Aim of the exercise – Without copying any picture, transcribe exactly the lines of the data below from the one containing "Elevate your space" through the one containing "MEDICI E MEDICINE".

Excerpted data –

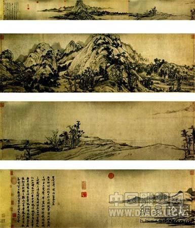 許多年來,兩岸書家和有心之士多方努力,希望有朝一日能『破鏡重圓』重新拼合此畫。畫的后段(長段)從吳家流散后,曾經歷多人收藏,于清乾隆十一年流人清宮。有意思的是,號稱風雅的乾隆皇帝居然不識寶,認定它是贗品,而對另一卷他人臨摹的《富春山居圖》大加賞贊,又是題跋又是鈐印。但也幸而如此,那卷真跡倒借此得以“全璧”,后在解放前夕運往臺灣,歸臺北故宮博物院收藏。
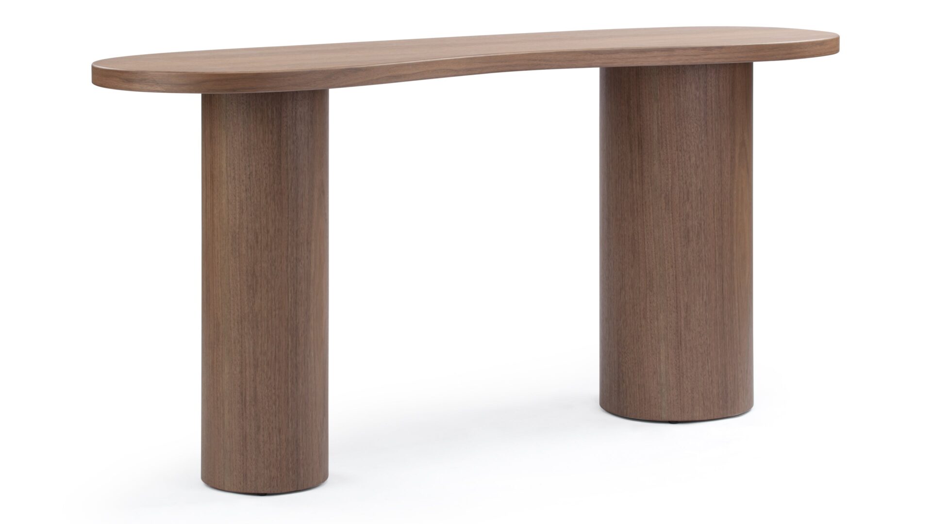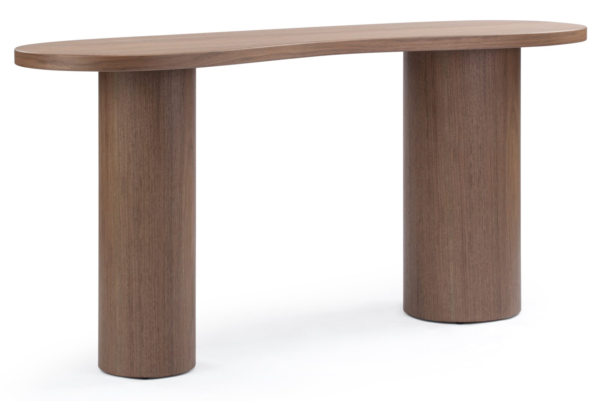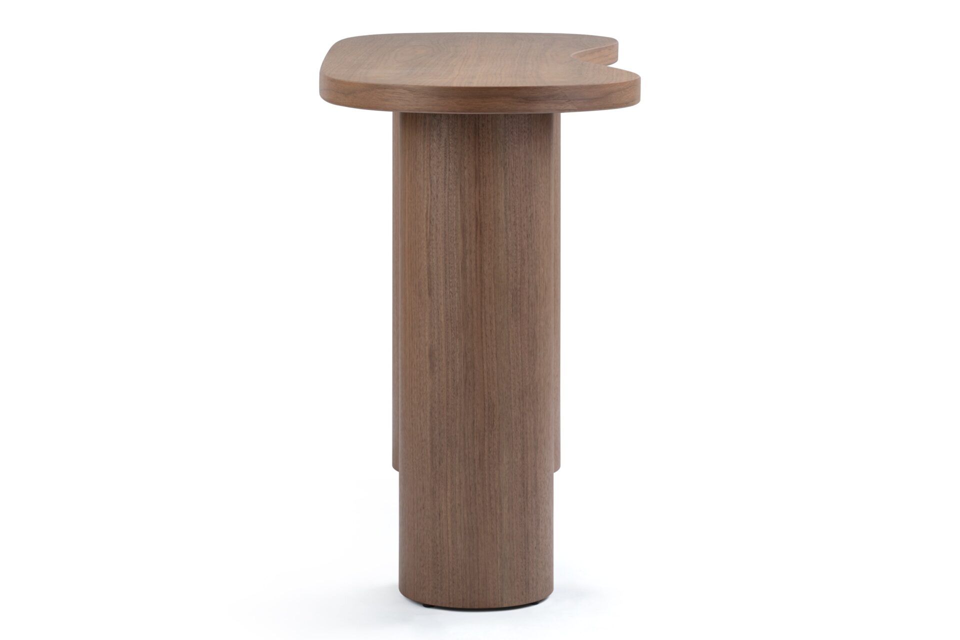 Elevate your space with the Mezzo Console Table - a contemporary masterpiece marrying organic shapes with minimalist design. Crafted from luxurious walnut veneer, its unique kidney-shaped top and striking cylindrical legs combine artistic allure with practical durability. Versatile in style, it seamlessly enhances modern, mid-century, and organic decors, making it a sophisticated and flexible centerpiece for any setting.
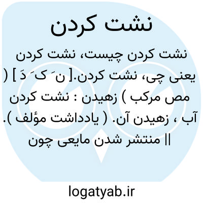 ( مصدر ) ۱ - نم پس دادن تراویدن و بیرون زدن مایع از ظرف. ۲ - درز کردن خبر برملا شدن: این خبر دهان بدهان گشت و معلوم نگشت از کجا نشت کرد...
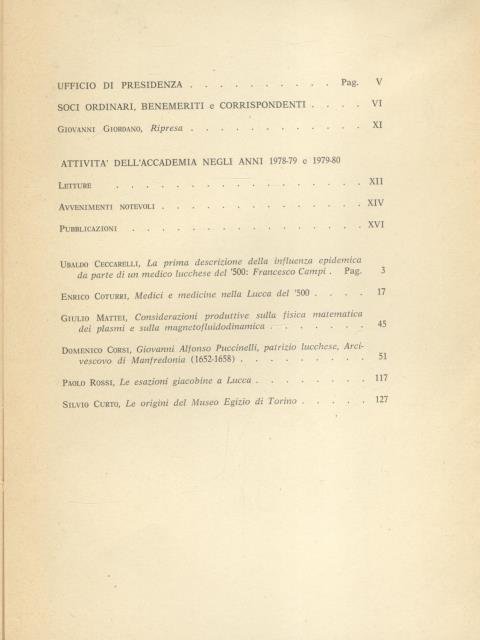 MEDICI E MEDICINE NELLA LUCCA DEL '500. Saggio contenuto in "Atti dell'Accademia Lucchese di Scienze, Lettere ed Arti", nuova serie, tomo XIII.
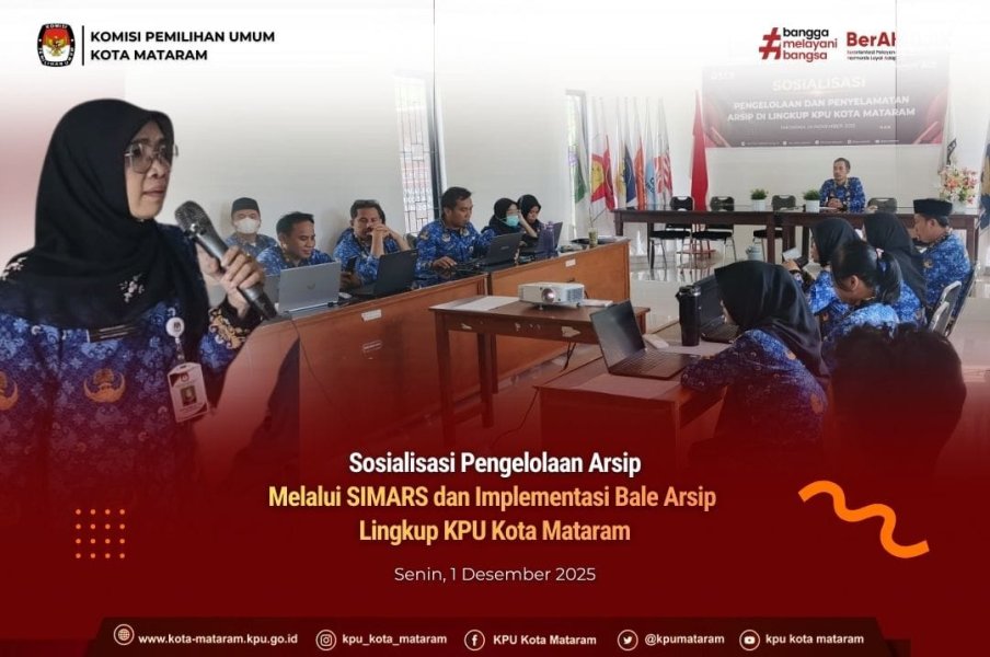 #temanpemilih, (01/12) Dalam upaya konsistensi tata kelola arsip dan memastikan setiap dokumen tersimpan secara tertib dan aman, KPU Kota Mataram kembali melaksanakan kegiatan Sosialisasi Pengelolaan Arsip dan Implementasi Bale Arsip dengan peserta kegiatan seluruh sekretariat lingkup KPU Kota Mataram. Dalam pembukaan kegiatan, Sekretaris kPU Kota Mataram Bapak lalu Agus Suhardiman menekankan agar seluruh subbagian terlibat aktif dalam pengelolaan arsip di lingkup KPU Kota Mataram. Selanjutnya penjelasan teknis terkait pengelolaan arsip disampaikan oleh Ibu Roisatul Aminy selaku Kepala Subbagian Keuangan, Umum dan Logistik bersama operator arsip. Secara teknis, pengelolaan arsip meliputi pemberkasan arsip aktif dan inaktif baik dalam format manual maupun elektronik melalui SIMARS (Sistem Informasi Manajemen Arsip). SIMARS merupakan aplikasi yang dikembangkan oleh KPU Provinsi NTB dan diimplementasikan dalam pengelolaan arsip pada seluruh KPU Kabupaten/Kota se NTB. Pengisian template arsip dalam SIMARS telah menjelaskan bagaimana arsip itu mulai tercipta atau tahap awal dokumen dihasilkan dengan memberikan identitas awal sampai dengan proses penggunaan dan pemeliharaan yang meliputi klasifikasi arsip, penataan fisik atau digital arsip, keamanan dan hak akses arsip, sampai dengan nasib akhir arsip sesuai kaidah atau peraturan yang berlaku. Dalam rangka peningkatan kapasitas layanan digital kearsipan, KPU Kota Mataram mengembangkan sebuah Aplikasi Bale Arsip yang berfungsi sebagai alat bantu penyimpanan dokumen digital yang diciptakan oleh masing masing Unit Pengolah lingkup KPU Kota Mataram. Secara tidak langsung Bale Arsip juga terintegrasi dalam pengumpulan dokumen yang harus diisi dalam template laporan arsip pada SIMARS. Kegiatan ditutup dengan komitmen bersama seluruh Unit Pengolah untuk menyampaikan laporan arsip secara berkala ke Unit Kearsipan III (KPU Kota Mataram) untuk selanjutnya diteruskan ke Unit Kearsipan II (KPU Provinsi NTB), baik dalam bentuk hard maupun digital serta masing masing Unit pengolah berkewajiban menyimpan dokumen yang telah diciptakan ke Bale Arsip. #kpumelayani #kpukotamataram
---
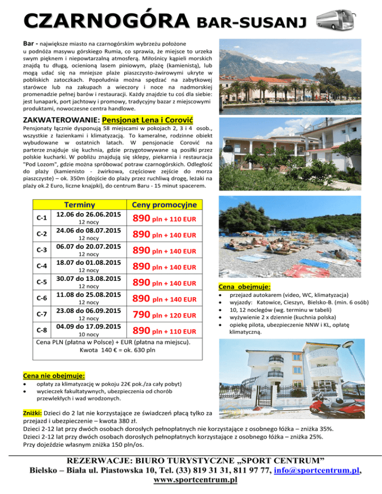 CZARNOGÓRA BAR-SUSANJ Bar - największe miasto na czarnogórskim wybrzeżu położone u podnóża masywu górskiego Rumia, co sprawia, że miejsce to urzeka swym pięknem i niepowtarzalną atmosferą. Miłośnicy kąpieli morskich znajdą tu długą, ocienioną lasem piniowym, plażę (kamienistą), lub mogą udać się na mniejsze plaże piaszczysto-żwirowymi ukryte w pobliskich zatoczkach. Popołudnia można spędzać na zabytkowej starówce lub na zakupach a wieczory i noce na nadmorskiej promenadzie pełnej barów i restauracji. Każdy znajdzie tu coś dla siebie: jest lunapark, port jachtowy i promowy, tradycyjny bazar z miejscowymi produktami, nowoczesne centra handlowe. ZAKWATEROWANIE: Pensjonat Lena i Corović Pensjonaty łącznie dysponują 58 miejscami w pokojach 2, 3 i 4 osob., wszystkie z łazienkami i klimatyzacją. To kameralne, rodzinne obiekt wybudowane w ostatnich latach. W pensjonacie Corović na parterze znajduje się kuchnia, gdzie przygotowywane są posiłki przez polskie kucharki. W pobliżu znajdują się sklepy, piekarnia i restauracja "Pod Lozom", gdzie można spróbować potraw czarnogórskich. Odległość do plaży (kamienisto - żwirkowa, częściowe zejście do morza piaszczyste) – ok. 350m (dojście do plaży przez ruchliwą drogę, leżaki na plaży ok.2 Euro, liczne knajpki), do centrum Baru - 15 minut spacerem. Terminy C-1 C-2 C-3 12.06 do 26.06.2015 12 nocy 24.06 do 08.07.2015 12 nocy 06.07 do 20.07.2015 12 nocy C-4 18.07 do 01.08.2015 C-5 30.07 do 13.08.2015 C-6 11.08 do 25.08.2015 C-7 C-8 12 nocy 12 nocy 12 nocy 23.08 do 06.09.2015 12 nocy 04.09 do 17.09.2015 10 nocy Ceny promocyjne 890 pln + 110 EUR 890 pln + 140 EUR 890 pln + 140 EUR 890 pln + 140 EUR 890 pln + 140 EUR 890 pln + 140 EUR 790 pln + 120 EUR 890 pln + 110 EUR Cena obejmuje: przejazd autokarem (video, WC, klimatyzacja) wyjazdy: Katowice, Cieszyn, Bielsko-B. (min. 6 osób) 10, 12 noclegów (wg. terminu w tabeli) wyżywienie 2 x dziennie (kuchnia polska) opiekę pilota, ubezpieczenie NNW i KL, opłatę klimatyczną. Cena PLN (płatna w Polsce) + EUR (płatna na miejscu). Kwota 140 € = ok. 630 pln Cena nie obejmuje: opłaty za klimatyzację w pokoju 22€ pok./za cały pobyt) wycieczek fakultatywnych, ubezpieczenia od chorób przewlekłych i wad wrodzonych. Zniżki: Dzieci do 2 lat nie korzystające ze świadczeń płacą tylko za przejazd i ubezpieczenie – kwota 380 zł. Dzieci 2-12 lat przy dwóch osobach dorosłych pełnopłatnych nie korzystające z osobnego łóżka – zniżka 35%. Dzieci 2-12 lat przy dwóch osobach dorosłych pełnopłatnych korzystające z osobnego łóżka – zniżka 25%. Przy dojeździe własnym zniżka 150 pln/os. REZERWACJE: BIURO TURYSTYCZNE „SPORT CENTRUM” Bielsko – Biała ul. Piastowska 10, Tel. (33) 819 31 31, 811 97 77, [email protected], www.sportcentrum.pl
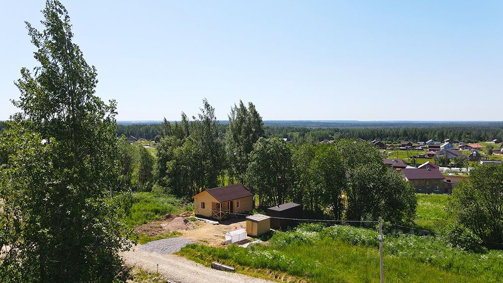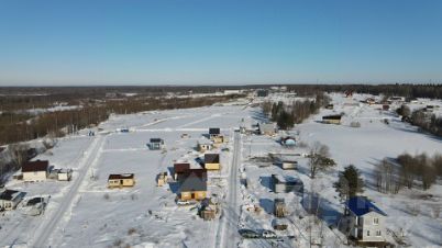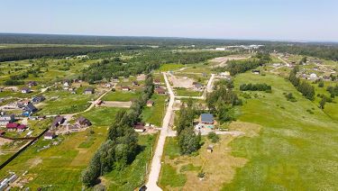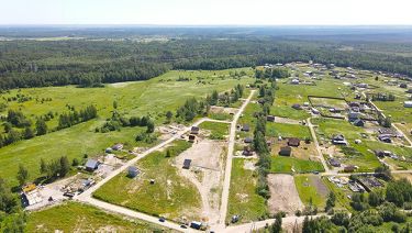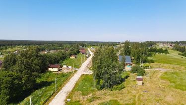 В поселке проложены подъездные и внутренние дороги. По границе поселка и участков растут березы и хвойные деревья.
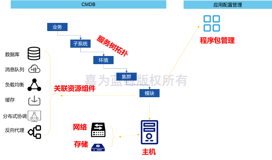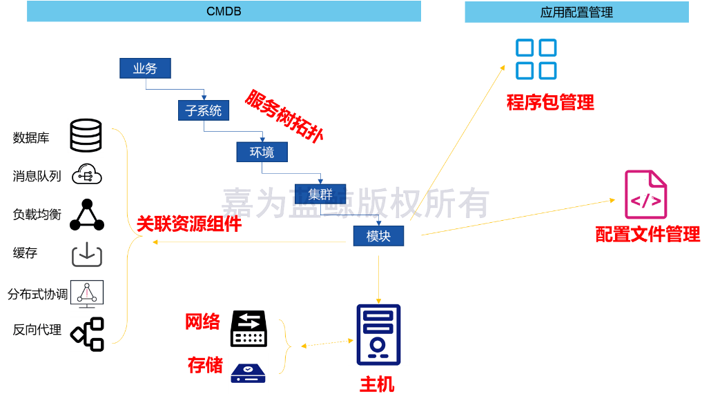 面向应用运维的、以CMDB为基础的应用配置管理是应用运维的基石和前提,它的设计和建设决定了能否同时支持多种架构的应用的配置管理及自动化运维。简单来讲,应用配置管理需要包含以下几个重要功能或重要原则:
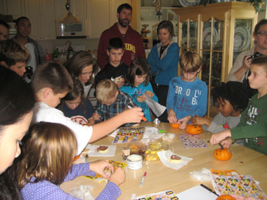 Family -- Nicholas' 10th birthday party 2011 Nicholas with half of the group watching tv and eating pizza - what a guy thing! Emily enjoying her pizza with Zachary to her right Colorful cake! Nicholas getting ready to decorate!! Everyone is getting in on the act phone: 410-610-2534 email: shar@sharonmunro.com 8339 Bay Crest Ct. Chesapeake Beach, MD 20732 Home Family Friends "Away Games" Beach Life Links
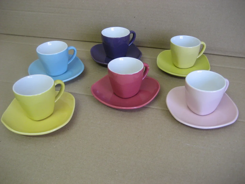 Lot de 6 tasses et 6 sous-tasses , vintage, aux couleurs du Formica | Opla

Reply to the task –
 Elevate your space with the Mezzo Console Table - a contemporary masterpiece marrying organic shapes with minimalist design. Crafted from luxurious walnut veneer, its unique kidney-shaped top and striking cylindrical legs combine artistic allure with practical durability. Versatile in style, it seamlessly enhances modern, mid-century, and organic decors, making it a sophisticated and flexible centerpiece for any setting.
 ( مصدر ) ۱ - نم پس دادن تراویدن و بیرون زدن مایع از ظرف. ۲ - درز کردن خبر برملا شدن: این خبر دهان بدهان گشت و معلوم نگشت از کجا نشت کرد...
 MEDICI E MEDICINE NELLA LUCCA DEL '500. Saggio contenuto in "Atti dell'Accademia Lucchese di Scienze, Lettere ed Arti", nuova serie, tomo XIII.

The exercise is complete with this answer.